Garbage In Garbage Out

"Garbage In (results in) Garbage Out" - The system's output quality usually cannot be better than the input quality.

There is a coding policy that I am trying to state clearly, and GIGO was the best name I have thought of so far. That is: if you are given garbage input, it is better to give garbage output than to throw an exception. For example, code to reverse a string:

 public static String reverse(String s) {
     if (s == null) return null;
     StringBuffer buf = new StringBuffer();
     for (int i=s.length()-1; s>=0; s++) {
     return buf.toString();

The relevant part of the example is that if you pass null in, you get null back. Even though the given operation doesn't really make sense on null, a relatively sensible response to it is provided anyway. The other options would be to throw a NullPointerException or an IllegalArgumentException; or to write an Assertion that (s != null). I don't know whether it is better for reverse to return garbage or to throw an exception. Probably nobody will call it with null anyway.
I think this is more of an issue in C, because there is no assertion mechanism for returning errors, and because it's easier to do separate #ifdef DEBUG builds. In C, I would probably abort in debug mode or return null in production mode. GTK+ has macros to print a trace message and return null:

   gchar *str_reverse(gchar *buf) {

(Or something like that.)

Returning null seems like DefensiveProgramming rather than GarbageInGarbageOut: I would say garbage out would be to return a pointer to some random uninitialized block of memory, or to walk through memory trying to return it.

The standard JavaIdiom seems to be to throw an exception. (Your callers will just ignore it anyhow ;-) -- MartinPool
I used to program this way, but then I met a man named KentBeck. He taught me a better way. Just don't send the garbage in. Instead of having vast amounts of code to verify arguments received put in a little bit of code to ensure they are correct before the call. --DonWells

I don't see how repeating the validations at each call is better than consolidating them at one place (inside the called routine). In fact, I think the author of the called routine has a better chance of knowing what things to validate than the caller (even when it is the same person!). Maybe I am missing your point? Of course, it would be *ideal* to "not send the garbage in" but I have yet to work on a project where I got to practice IdealProgramming :). --JeffShelby

I agree, doing something sensible with bad parameters is a great way to hide bugs until one day they jump out and bite you. Better your software throws an exception or calls an assertion failure so that it doesn't just hide the fault in the calling software. Also, its enough effort to code and test the functions that a routine is supposed to have without having to code and test for all the cases that are not supposed to happen.
An Argument Against:

The problem with propagating garbage is that it makes bug symptoms appear further away from their root causes. A program that fails an assert() or throws an exception as soon as bad data is detected calls attention to the problem as soon as it is discovered; probably very close to the area of code that is creating the problem. But if functions routinely accept nonsensical data as valid, it can be hard to backtrack from garbage output, visible on screen or report, to the code that originally produced the bad data.

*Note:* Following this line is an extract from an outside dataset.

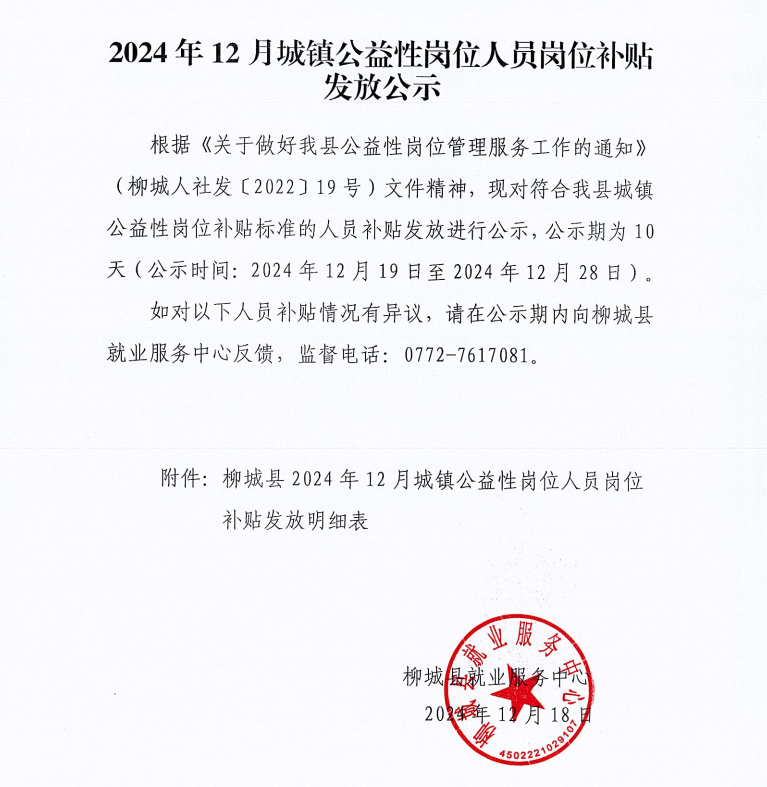 2024年12月城鎮(zhèn)公益性崗位人員崗位補(bǔ)貼發(fā)放公示

I UseAssertions on the input arguments to ensure that the caller provides rational arguments. When they don't, an assert() fails, and it's immediately obvious that the caller made a mistake. This makes fixing the caller's code very quick and easy.

However, there is a place for the GarbageInGarbageOut approach; there's even a pattern language for it. Robust functions are good. And it can be helpful to propagate a "bad data" indicator from input to output to provide robust operation, even when input data is unreliable. -- JeffGrigg
I'd use GIGO under two conditions - the input was not an 'error', merely 'garbage' on the periphery of a meaningful contract. And if the garbage output were 'symmetric' to the input. The root example here gets and gives a null pointer. If the caller is into null pointers they'd better be able to survive ours. But if the return were an integer (maybe an index), I would not return 0 or -1. -- PhlIp
Handling the garbage after it's found is something that should be decided per application. That could very-well mean throwing the garbage right back out; however, detecting the garbage and eliminating it before it throws any sort of error should be a greater priority. A real-world tactic is to place the burden on both the caller and the sender. If the sender detects garbage, it needs to deal with it before it gets to the caller. If the caller detects garbage, it needs to deal with it before anything is returned to the sender. This creates a safety net of redundant checking and could make up where a component, for some reason, lacked adequate measures to detect garbage.
It depends on who is going to call the code. If it is a routine that will be called from your own code, it's best for it to go bang straight away. That way, you'll discover the problem immediately and fix it - probably while you're still writing the code. What if the garbage input is a different kind of garbage than you thought of? Isn't it better to UseAssertions that describe what your code is designed to do? This approach contributes to code re-use. If your code vomits when fed poison by a bad routine, then the poisoning routine can be cleaned up - which will make it more likely to be re-usable. The vomiting routine will probably be more re-usable too. -- DominicCronin
Re: "The system's output quality usually cannot be better than the input quality."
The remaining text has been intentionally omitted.